Word for word, restate the records that come next, omitting the images.

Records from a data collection
********************
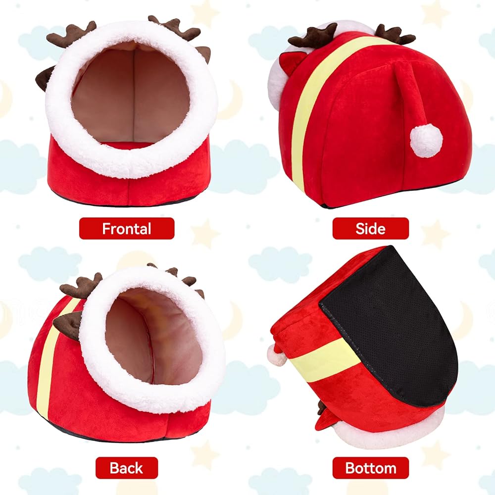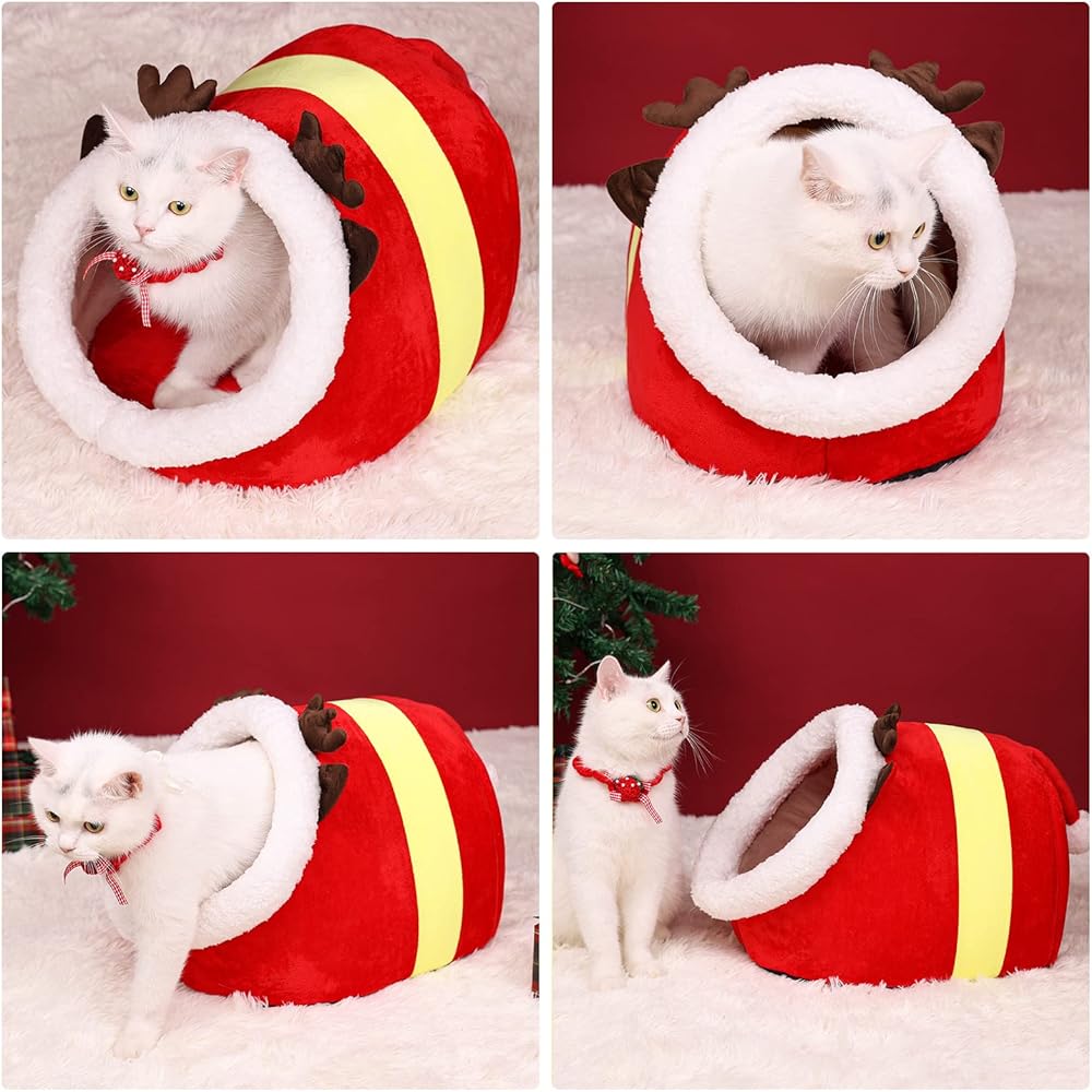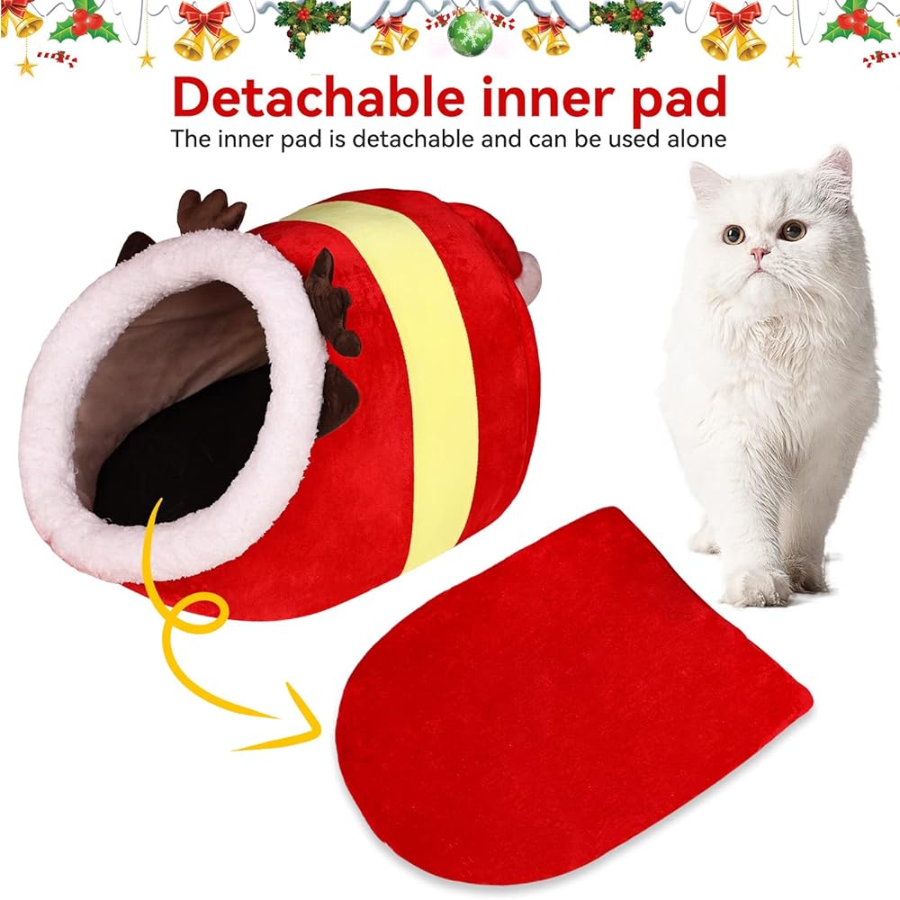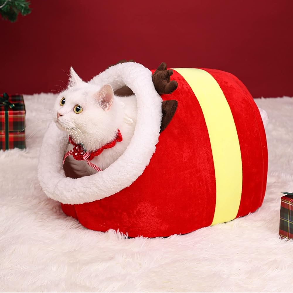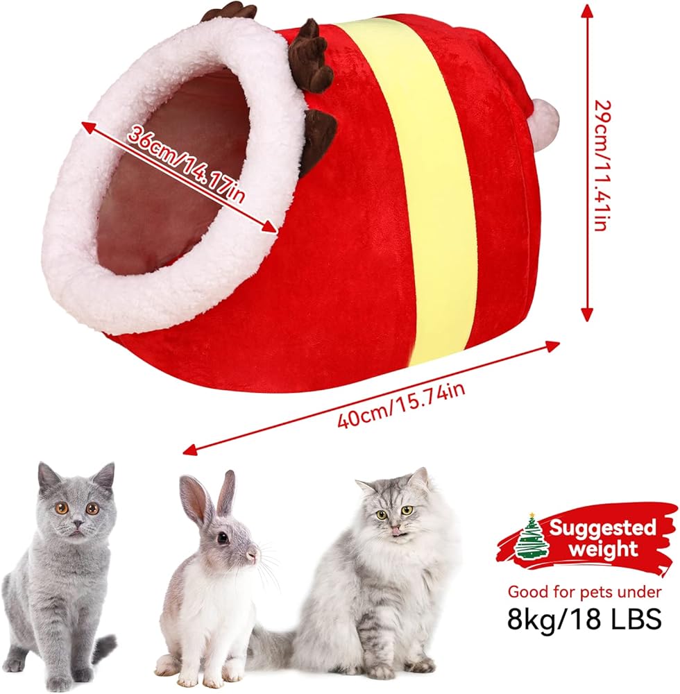 سرير للقطط في عيد الميلاد على شكل كهف، منزل للقطط، كوخ الإسكيمو لعيد الميلاد، كوخ للقطط، سرير كهف لطيف للحيوانات الأليفة للكلاب الصغيرة أو الأرنب (دائري - صغير)
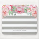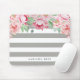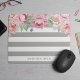 O moderno peony floral mousepad apresenta grisalha esverdeada chic taupe ou faixas beges-cinza com um buquê de cor-de-rosa pincelada e verde-salva que florescem do topo. Personalize com um nome, monograma ou mensagem usando o campo fornecido.
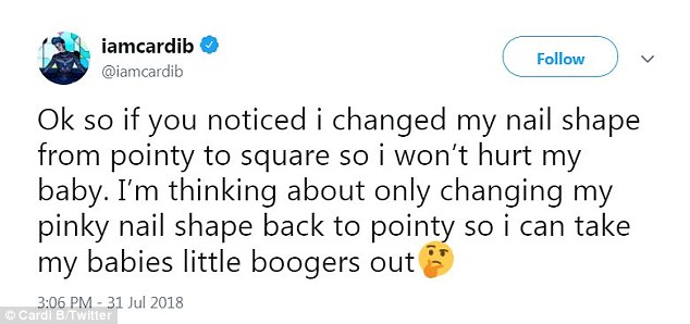 'Ok so if you noticed i changed my nail shape from pointy to square so i won’t hurt my baby,' wrote the Bodak Yellow rapper.
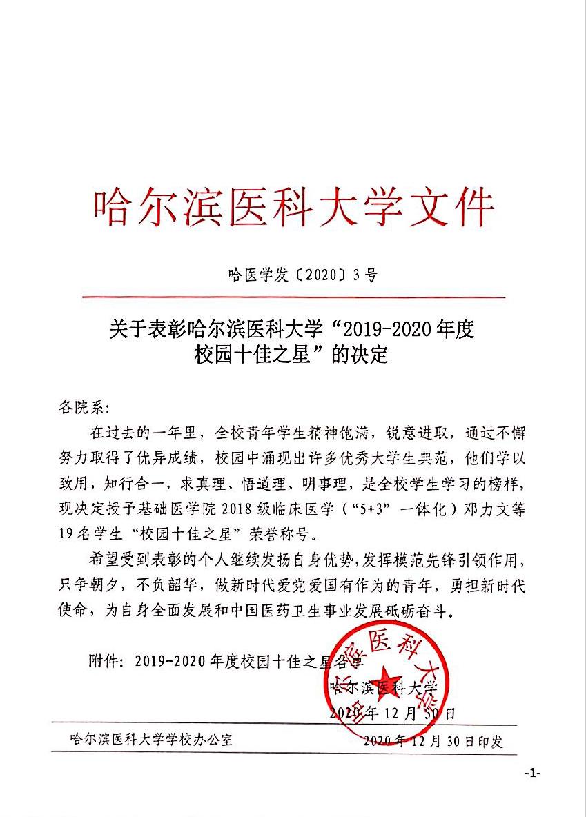 关于表彰哈尔滨医科大学“2019-2020年度校园十佳之星”的决定
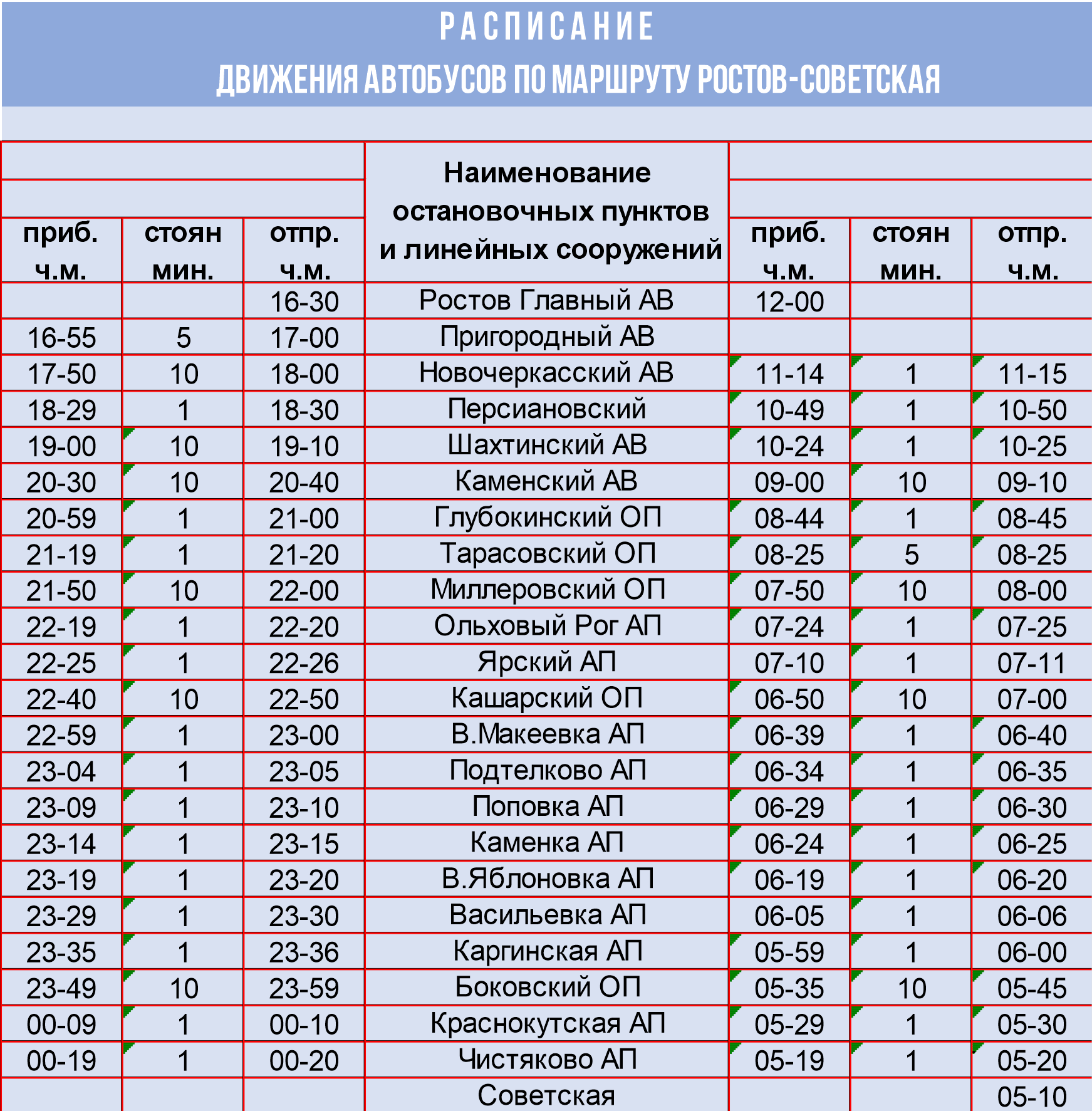 Автобус следует через крупные города и райцентры: г. Новочеркасск, г. Шахты, г. Каменск, п. Тарасовский, сл. Кашары, ст-ца. Боковская, а также новые остановочные пункты, перечисленные выше.
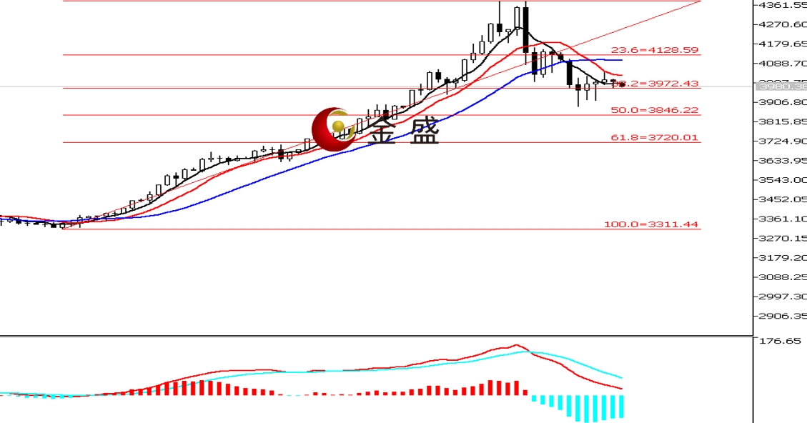 前一个交易日,早盘时段,黄金短暂拉升至日内高点4045.91美元转跌,午后险守四千美元大关有所反弹。晚盘时段,行情延续调整,盘中一小时下次逾四十美金,价格最低至3972.26美元,尾盘略有反抽,日图收有影线的小阴K。均线系统收敛向下拐头,运行在价格上方形成压力。MACD指标快慢线零轴上方现死叉,做空的动能减弱。行情进入高位快速下挫后的休整阶段,3900美元关口有止跌迹象。今天早盘价格跳空低开,四千关口再度失守,强化4020美元一带的压力,短期看区间震荡,操作上高抛低吸。
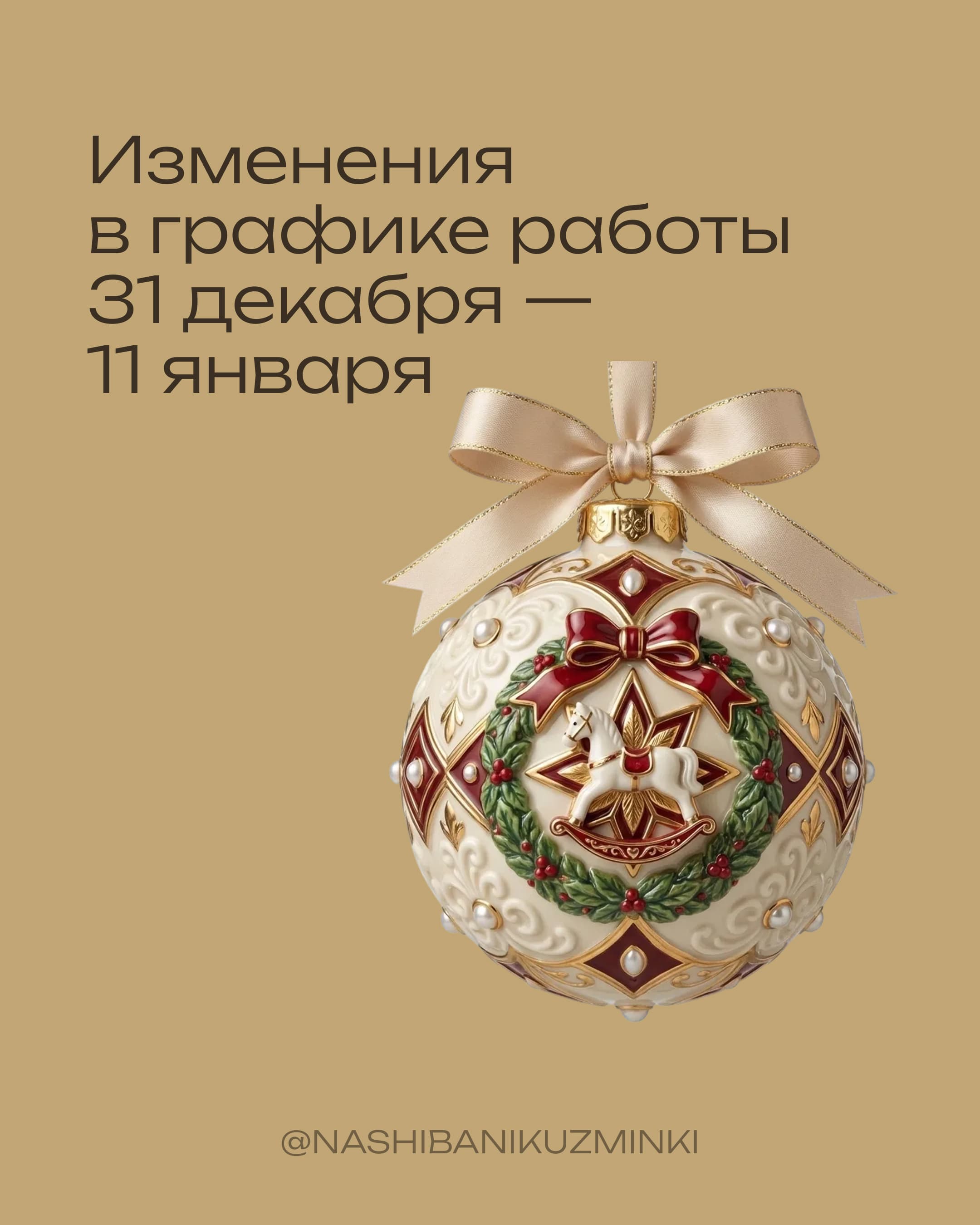 Обращаем ваше внимание на изменения в графике работы «Наших Банях в Кузьминках» в период новогодних праздников.
********************
Task solution
 سرير للقطط في عيد الميلاد على شكل كهف، منزل للقطط، كوخ الإسكيمو لعيد الميلاد، كوخ للقطط، سرير كهف لطيف للحيوانات الأليفة للكلاب الصغيرة أو الأرنب (دائري - صغير)
 O moderno peony floral mousepad apresenta grisalha esverdeada chic taupe ou faixas beges-cinza com um buquê de cor-de-rosa pincelada e verde-salva que florescem do topo. Personalize com um nome, monograma ou mensagem usando o campo fornecido.
 'Ok so if you noticed i changed my nail shape from pointy to square so i won’t hurt my baby,' wrote the Bodak Yellow rapper.
 关于表彰哈尔滨医科大学“2019-2020年度校园十佳之星”的决定
 Автобус следует через крупные города и райцентры: г. Новочеркасск, г. Шахты, г. Каменск, п. Тарасовский, сл. Кашары, ст-ца. Боковская, а также новые остановочные пункты, перечисленные выше.
 前一个交易日,早盘时段,黄金短暂拉升至日内高点4045.91美元转跌,午后险守四千美元大关有所反弹。晚盘时段,行情延续调整,盘中一小时下次逾四十美金,价格最低至3972.26美元,尾盘略有反抽,日图收有影线的小阴K。均线系统收敛向下拐头,运行在价格上方形成压力。MACD指标快慢线零轴上方现死叉,做空的动能减弱。行情进入高位快速下挫后的休整阶段,3900美元关口有止跌迹象。今天早盘价格跳空低开,四千关口再度失守,强化4020美元一带的压力,短期看区间震荡,操作上高抛低吸。
 Обращаем ваше внимание на изменения в графике работы «Наших Банях в Кузьминках» в период новогодних праздников.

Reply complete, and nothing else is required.